座っていた椅子を倒す勢いで立ち上がり、血相を変えた様子で静止の声を上げる信也に会議場全体からの注目が集まるが、当の本人はそんな事を気にする余裕もなく言葉を続ける。
「実力を確認ってなんなんですか!? 俺達は戦った事なんてないんですよ? それなのに実力を見せろだなんて無茶で――」
「大丈夫だ、安心してくれ」
初老の男が信也の声を遮る。
その声はどこか信也達を落ち着けるような声音であり、何故かこれ以上口を出す事ができないでいた。
言葉に詰まっている信也に、初老の男が自信を滲ませた様子で語りかける。
「オオギシ殿よ、お主らにまともな戦闘経験がない事も、争いのない生活を送ってきただろう事も一目見ればわかる。拉致同然に連れてこられた上に、失礼にも程がある提案であるのは重々承知の上だ……しかしあの召喚儀式で呼び出されたお主らならばこそ、なんとかなるだろう。あれはそういうものなのだ」
そう言う初老の男の言葉は、信也達からすると根拠のないものと思ってしまいそうだが、勇者について、召喚の儀式についてなにかを知っている様子が垣間見えるのが気にもなる。

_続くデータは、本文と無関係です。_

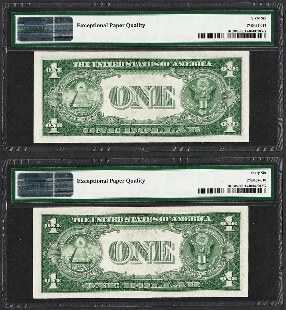 Lot of (2) Consecutive 1935D $1 Silver Certificate Notes PMG Gem Uncirculated 66EPQ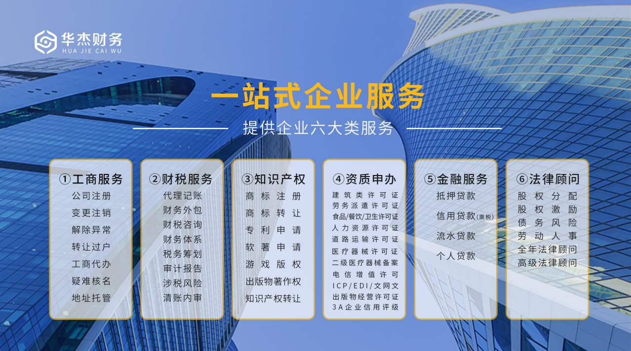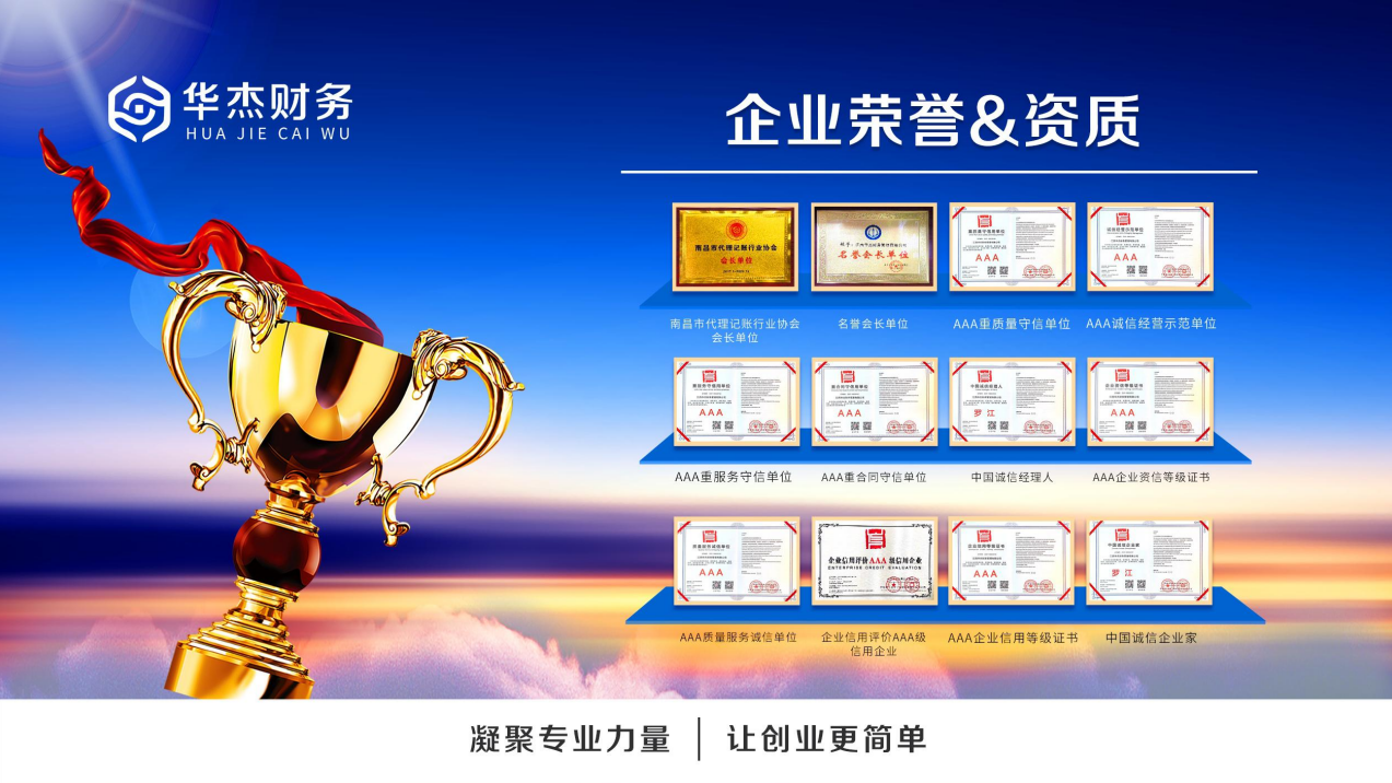 华杰集团公司简介江西华杰财税服务集团有限公司(以下简称:华杰财税集团)于2021年6月成立,品牌、服务全面升级,集团旗下拥有江西华杰财务管理有限公司、江西华杰税务师事务所有限责任公司、江西华杰国际知识产权代理有限公司、南昌华杰会计师事务所、江西华杰企业管理咨询有限公司的、江西华杰法律咨询有限公司、江西杰华人力资源有限公司等,业务涵盖企业财税服务、工商服务、资质许可、知识产权、人资服务、法律服务、金融服务七大类,包括代理记账、公司注册、变更注销、内账外包、商标专利、资质许可、政府项目申报、产业园区返税、财税咨询、税收筹划、高企认定、审计、税审、人事社保、学历提升、法律服务、金融服务等近500多种企服项目实现企业全生命周期闭环服务。华杰财税集团前身为江西华杰财务管理有限公司,十四年风云砥砺,总部在南昌,是经南昌市财政局批准设立的财税机构,南昌市代理记账行业协会会长单位,企业信用评级3A级企业,CCTV中国优选品牌,目前企业服务分子公司10余家,会计师相关人员200余名,其中入司3年以上的100余人,具有专业技术职称与各类资质人员如会计师、注册会计师、高级会计师、注册税务师、高级律师等,已成为江西领先财税服务品牌。华杰财税集团,秉承“自立立他,德行天下”的企业核心价值观,坚持“追求卓越,尽善尽美”的企业服务宗旨,传承“尊重价值、以人为本、人尽其才”管理理念,在代理记账、财务外包等产品方面拥有品牌化、专业化、规模化优势,形成了以工、商、财、税、法等服务为主的产业链。致力打造成为品牌实力雄厚的财税一体化智能财税集团,为中大型企业和中大型提供智能财税服务,助力企业数字化发展!

「急に『大丈夫だ、なんとかなる』なんて根拠のなさそうな事を言われても、俺達は納得ができません。せめて……せめて何故そう考えたのかを、教えてもらえませんか?」
言葉に詰まっていた信也ではあったが、やりたくもない事を今からさせられるのならば、せめて相手が知っている情報だけでも教えて欲しいとばかりに一気に考えを吐き出した。
それに対する初老の男の言葉は、衝撃をもって信也達の意識を一つの方向へと向かわせるものになる。
「根拠ならあるのだが……しかしこれは儂が口で説明した所で絶対にお主達は納得しないだろう。これはお主らが直接に感じ取るものだからな」
「……感じ取る? それはいったい――」
「それと元の世に帰る手掛かりが欲しいのだろう? 元の世に帰りたいと言うのならば、せめて儂だけでも全面的に協力しなければならん。儂の国ならば手掛かりもあるからな」
「え? 手掛かりがあるんですか!?」
手掛かりの一言に逸る信也達を片手で制止しつつ、話の途中で初老の男が席から立ち上がる。
立ち上がった初老の男は、ゆったりと座っていた時とは違い、年齢を感じさせない若々しさに溢れており、覇気をまとった威容に満ちていた。
おそらくこの姿こそがこの初老の男の本当の姿なのだろう。そう思わせる迫力がある。
迫力を滲ませたまま胸を張り、放つ言葉には聞くものを信じさせる重みがあった。
信也達一同も初老の男の迫力に、いやが上にも引き込まれていく。
しかも欲しがっていた情報が手に入るかもしれないとの期待感は、今の無茶な要求されている状況を一瞬でも忘れる程の衝撃がある。
そうして信也達が話を聞ける程度にまで落ち着くのを待った初老の男は、少年のような笑顔をその威厳溢れる顔に浮かべて言い放った。